Corey: Obviously trades are fun, but I don't see going out and looking for one as a great idea right now. The Oilers are (spoiler alert for a later question) probably a playoff team this year, but still definitely a few moves from being a contender at the moment. Teams always pay a steeper price at the deadline than they would in the offseason, but can justify it if they think it improves their title chances by enough. The Oilers are neither a buyer or a seller. Sure, they could use an upgrade at backup goaltender, but that should have been taken care of last offseason. There's nothing wrong with kicking tires, in fact, any GM who isn't on constant lookout for a trade to win isn't doing their due diligence, but I don't think there's a trade that needs to be made before the offseason.
Matt: If I'm the Oilers I'm trying to find out what the 'price you pay' is for a guy like Kris Russell. I saw Sunil's column from a little while back about the subject, and I agree. Turning him into an asset of any kind is, for me, good business.
2. Patrick Maroon's eighteen goal season has been a fun distraction from the unevenness on the wings, but the well has seemed to go dry. His last goal was on January 14th versus Calgary. Pretend you're Todd McLellan. Do you let him ride on the top line, or do you try and switch things up?

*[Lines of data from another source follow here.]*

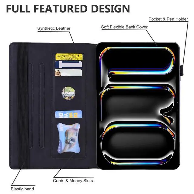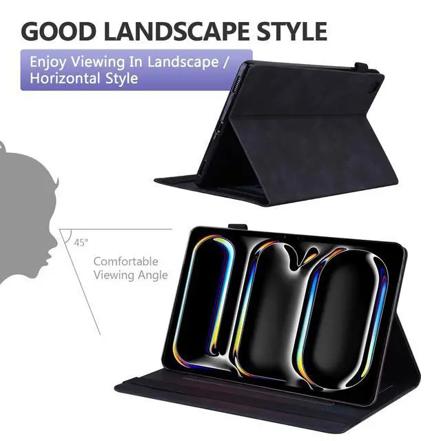 Product FeaturesBuilt-in Kickstand: Adjustable Standing; Folio flip stylish case for iPad Air 13-inch with anti-slip slots, the stand cover can set up multiple stand angles.
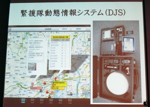 緊急消防援助隊情報システム「DJS」を紹介し、iPadを使用して、現場隊員が必要とする情報共有支援を行えるべく開発を行っていると説明した。
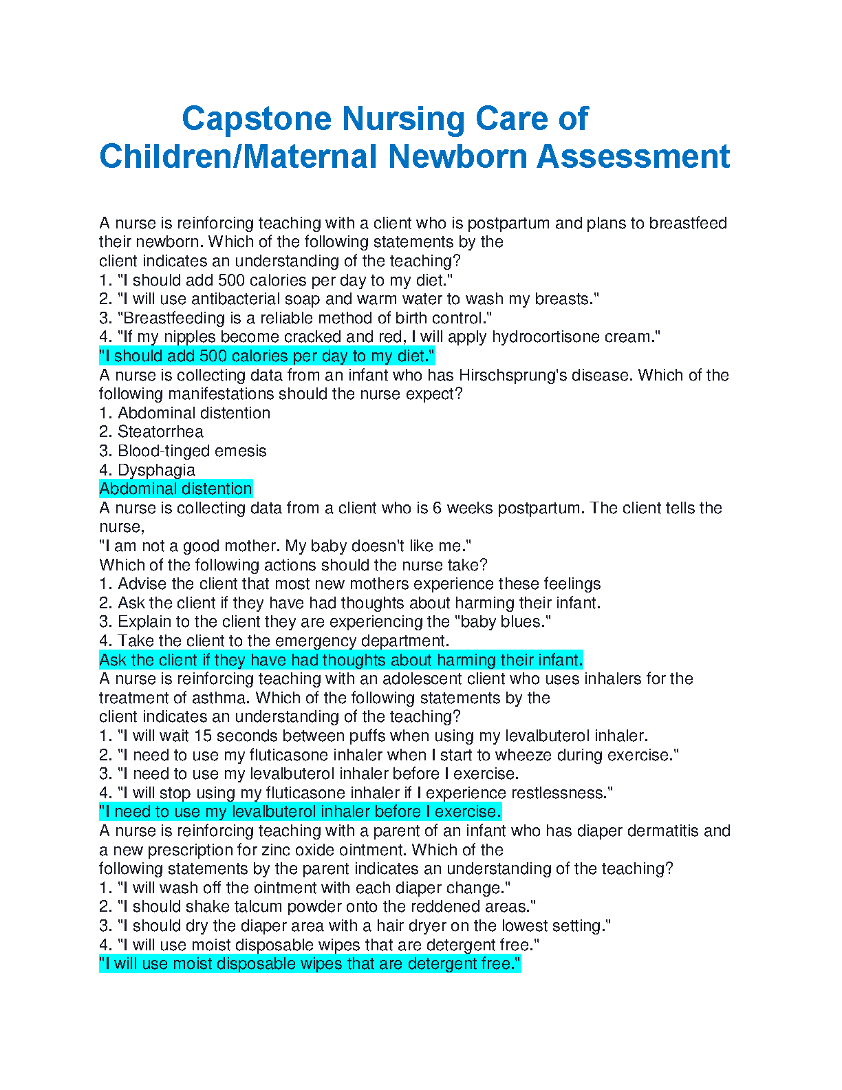 Ace your final nursing exams with this comprehensive test bank for Maternal Child Nursing Care, 7th Edition by Perry et al. This essential study resource focuses on Capstone-level assessment of Children and Maternal/Newborn care. It features a wide range of practice questions, complete with answers, covering critical topics such as postpartum care, newborn conditions like Hirschsprung's disease, pediatric asthma management, and common infant ailments. Perfect for students preparing for their capstone projects, final exams, or the NCLEX, this test bank provides the targeted practice you need to master the material and succeed.
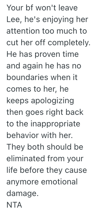 I told my BF that if he’s serious about taking this relationship to the next level (with me or any woman, for that matter), he needs to set clear boundaries with Lee or let her go entirely.
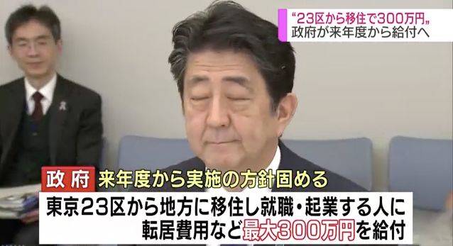 據《朝日新聞》,從東京23區遷往地方創業的人員,政府最高給予300萬日元補貼,而遷出之後在地方中小企業就職的人員,最高補貼100萬日元。
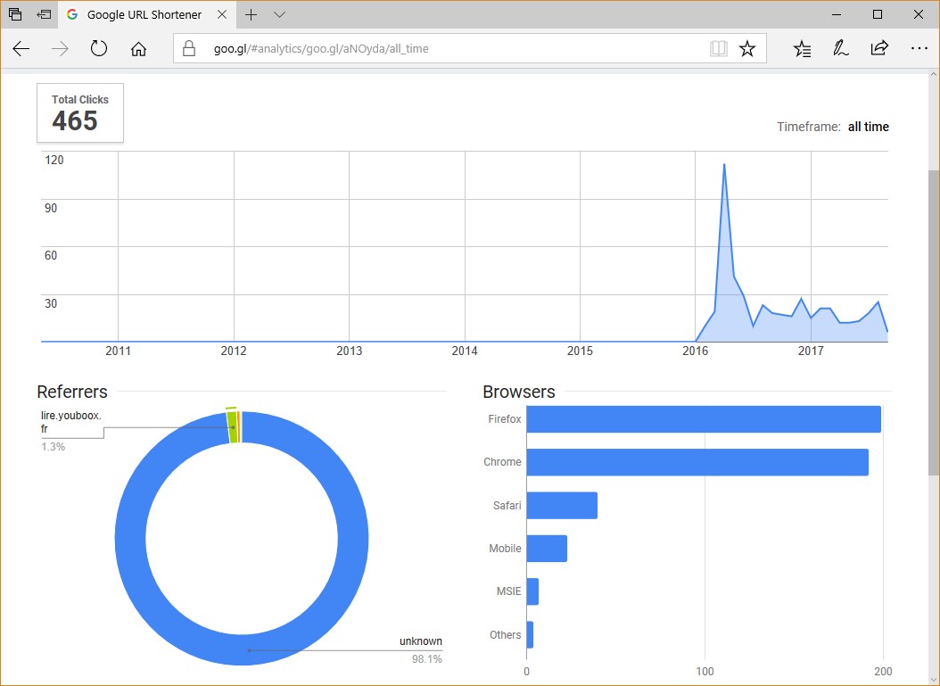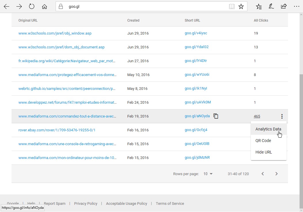- Le suivi du nombre de clics : les rétrécisseurs d’URL fournissent des informations sur le nombre de clics. Par exemple sur goo.gl, cliquez sur les points de suspension en face du lien à analyser et choisissez Analytics Data dans le menu :
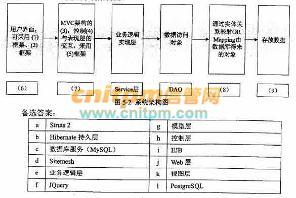 根据项目组给出的系统设计方案,将备选答案a~l的内容填写在图5-2中的空(1)~(9),完成系统架构图。
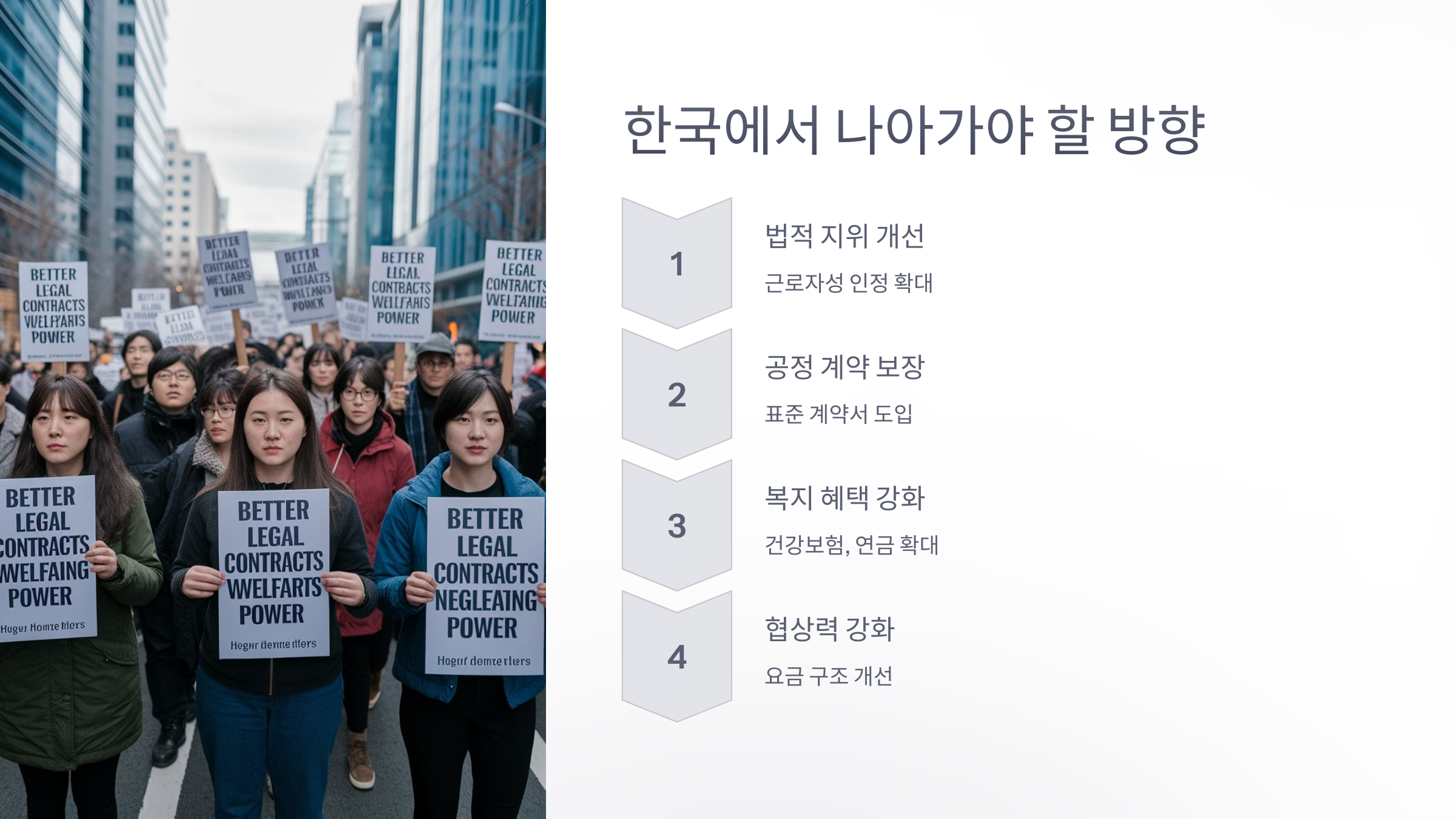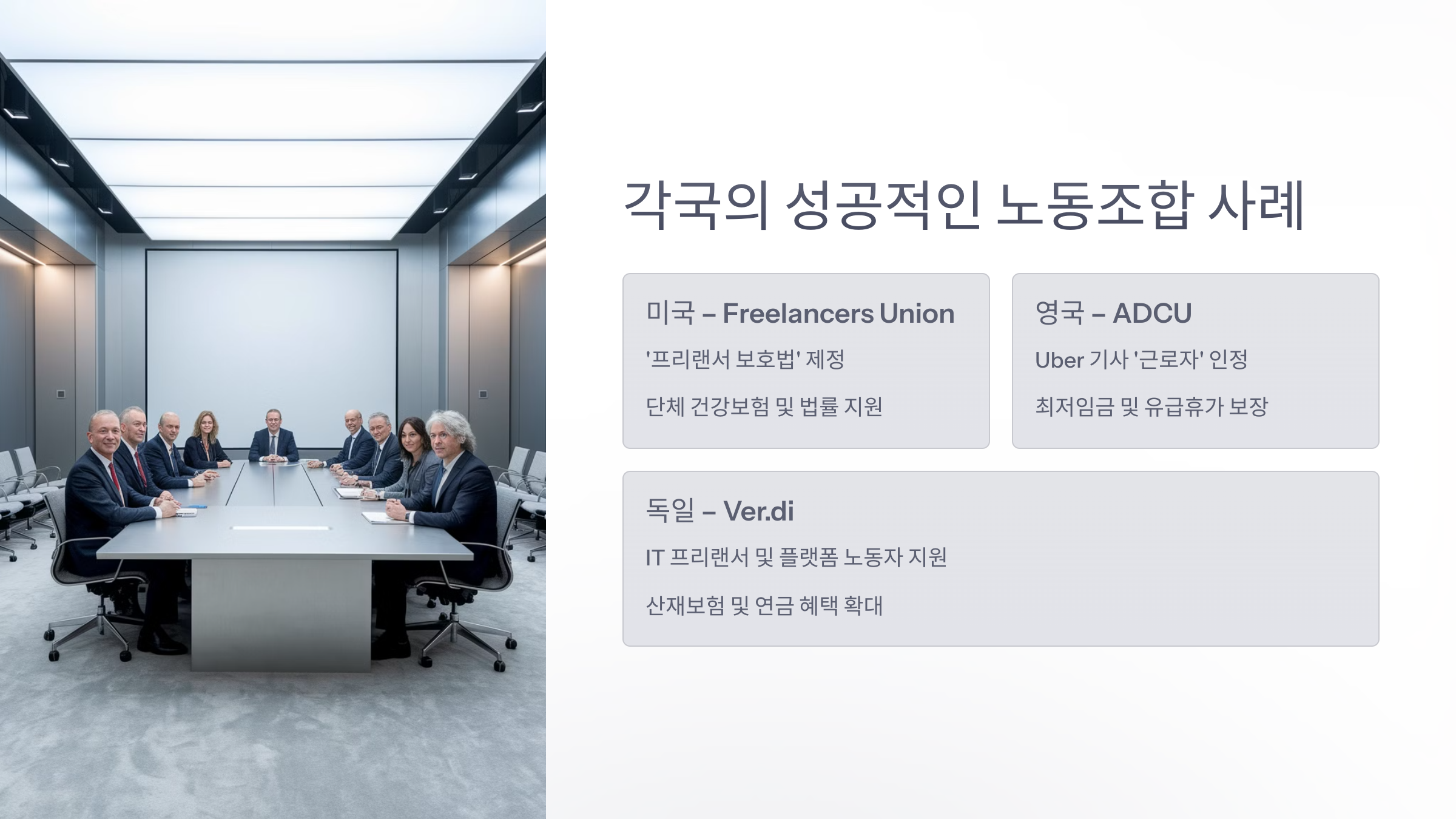 💡 결론: 해외에서는 프리랜서와 플랫폼 노동자를 위한 법적 보호 및 단체 교섭이 활발하게 이루어지고 있음.
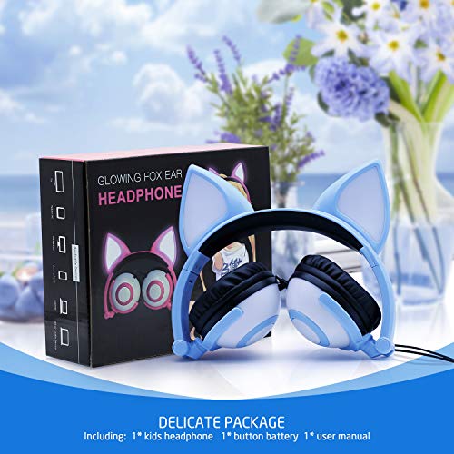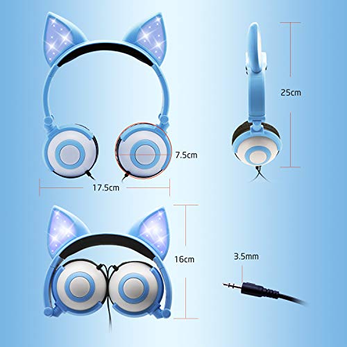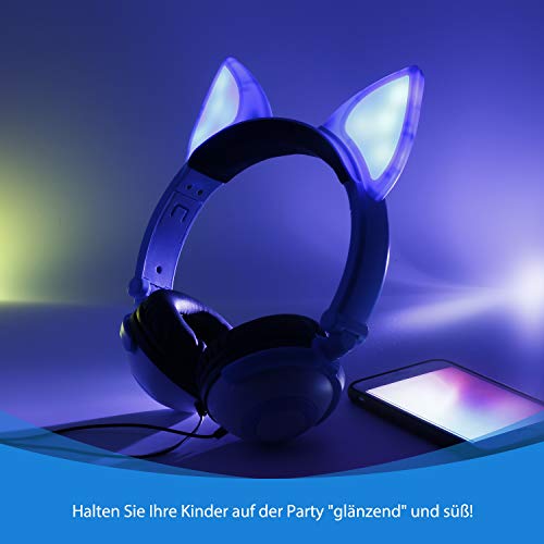 Specificaties: ONTA Hoofdtelefoon kinderen met schattige LED lichtgevende kattenoren 85dB volume beperkt opvouwbaar verstelbare On Ear…
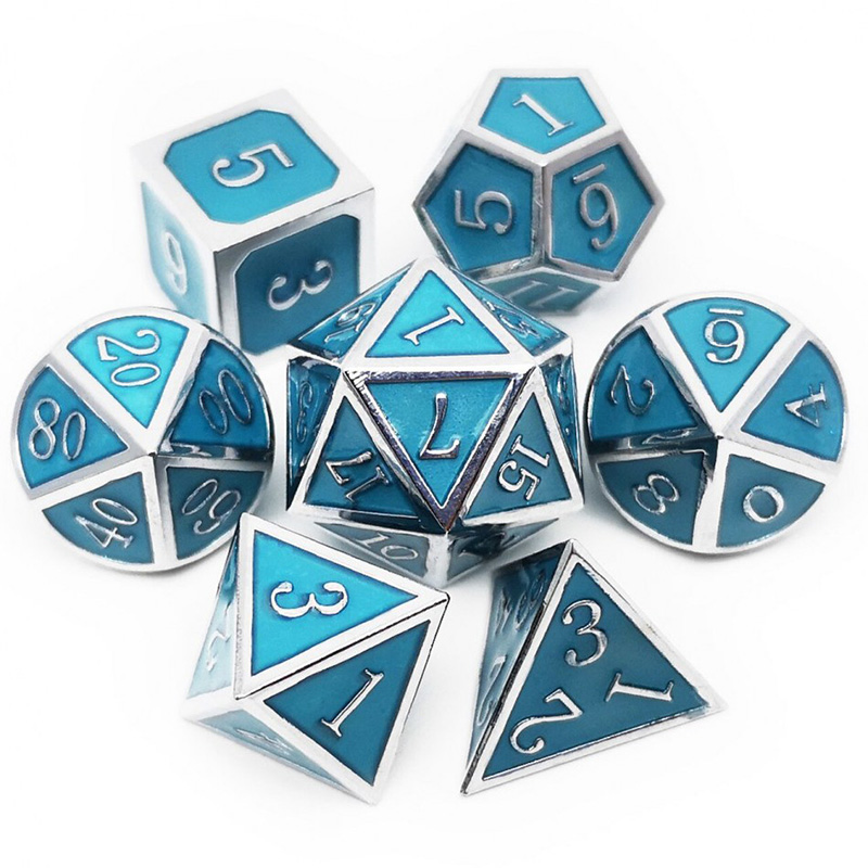 DICE HABIT - 7 DICE RPG SET # METAL & ENAMEL - METAL & ENAMEL, BLUE GLOW IN THE DARK
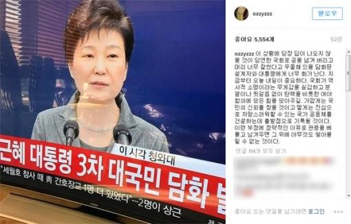 허지웅은 지난 29일 인스타그램을 통해 올린 글에서 “이 상황에 당장 답이 나오지 않을 것이 당연한 국회로 공을 넘겨 버리고 머리 너무 잘 썼다고 우쭐해 있을 담화문 설계자와 대통령에게 너무 화가 난다”고 말했다.
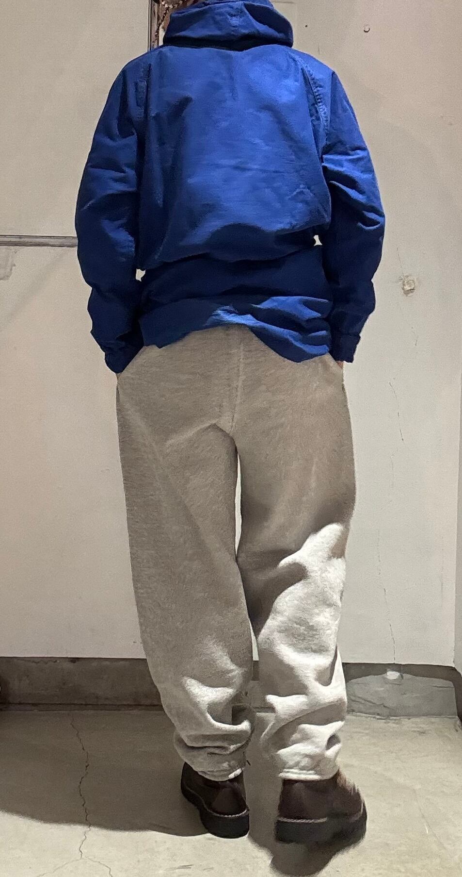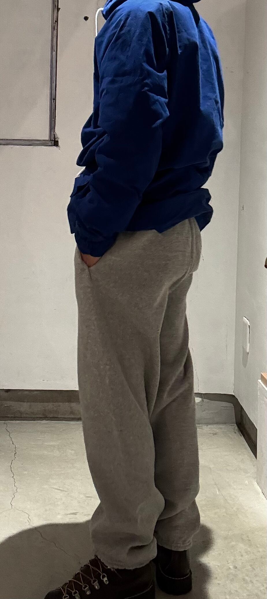 とてもベーシックな形のスウェットパンツですがポケット付きなのと渡り幅が太めで緩く履ける割に股下が短めなので、ゆったり目で履きたい日本人の方にはとても良いサイズ感で履けると思います。
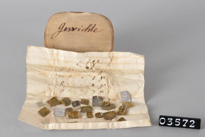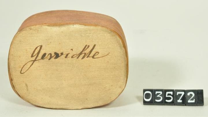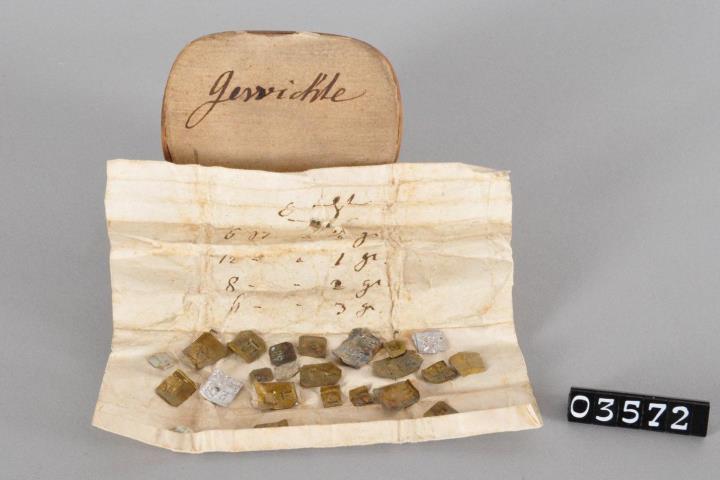 Rechteckige an den Ecken abgerundete Spanschachtel mit Stülpdeckel. Oberseite mit Papier überklebt und beschriftet. Innen mit schwarzer Tinte beschriebener Zettel mit eine Umrechnungstabelle(?) darin eingeschlagen 23 Feingewichte.
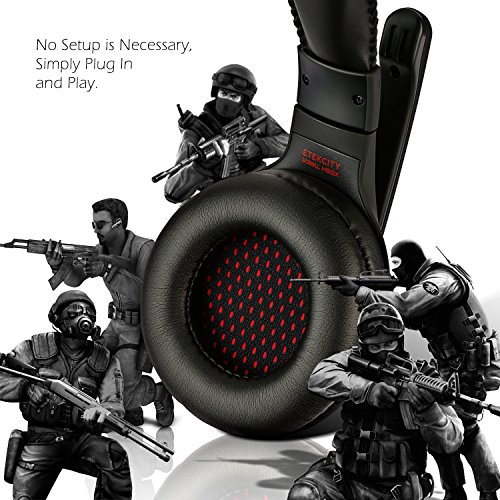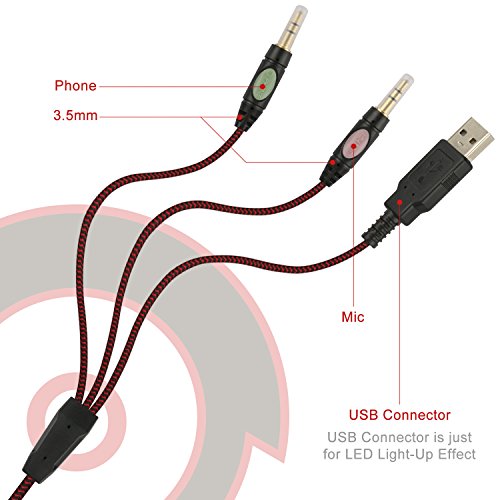 Etekcity Scroll Gaming Headset / Headphones (H5GX): LED Light Up Effect (Black/Red)
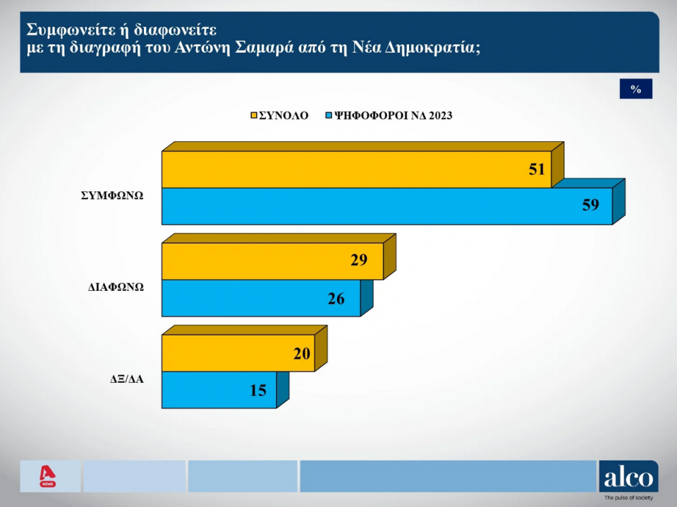 Όσον αφορά τη διαγραφή του Αντώνη Σαμαρά από τη ΝΔ σε γενικό πλαίσιο το 51% συμφωνεί, ενώ ακόμη μεγαλύτερο είναι το ποσοστό (59%), στους ψηφοφόρους της ΝΔ.

Shona: I say let him stay. Because realistically, who do you replace him with? Eberle who’s had an awful season or Pouliot who may have had a worse one? Drai needs to stay on the second line so the Oilers have more than one line, and promoting Letestu over his head hasn’t worked well in the past. Besides all that, Maroon adds a physical presence to the top line and he’s used to not keeping up with McDavid. Separate from all of that, McDavid is now used to where Maroon normally is during the course of play. I’d be more concerned about if a change of line mates throws the Oilers offensive engine off his game.
Sunil: I look to switch things up. Not because Maroon is on a bit of a cold streak, as it's a fairly normal thing for players to score in bunches and then go cold for a period. Maroon has actually been a pretty good driver this season, even without McDavid, and could give the second and third lines a boost in production. Away from McDavid, Maroon has a Corsi For% of 54.3%, which is only a slight drop off from the share of shot attempts when they're together (55.4%). To put things into perspective, when Lucic is away from McDavid, the team's CF% drops to 47.1%.
Matt: If I'm Run TMC, I'm splitting up the top line anyway. The Oilers were a one-line show before McDavid, Maroon and Draisaitl started playing together, and for me still are. Maroon has shown he can help push a line in the right direction, and McDavid can even make Kris Russell look good, so I would start to move guys around in the name of balance, even if Maroon was still running good.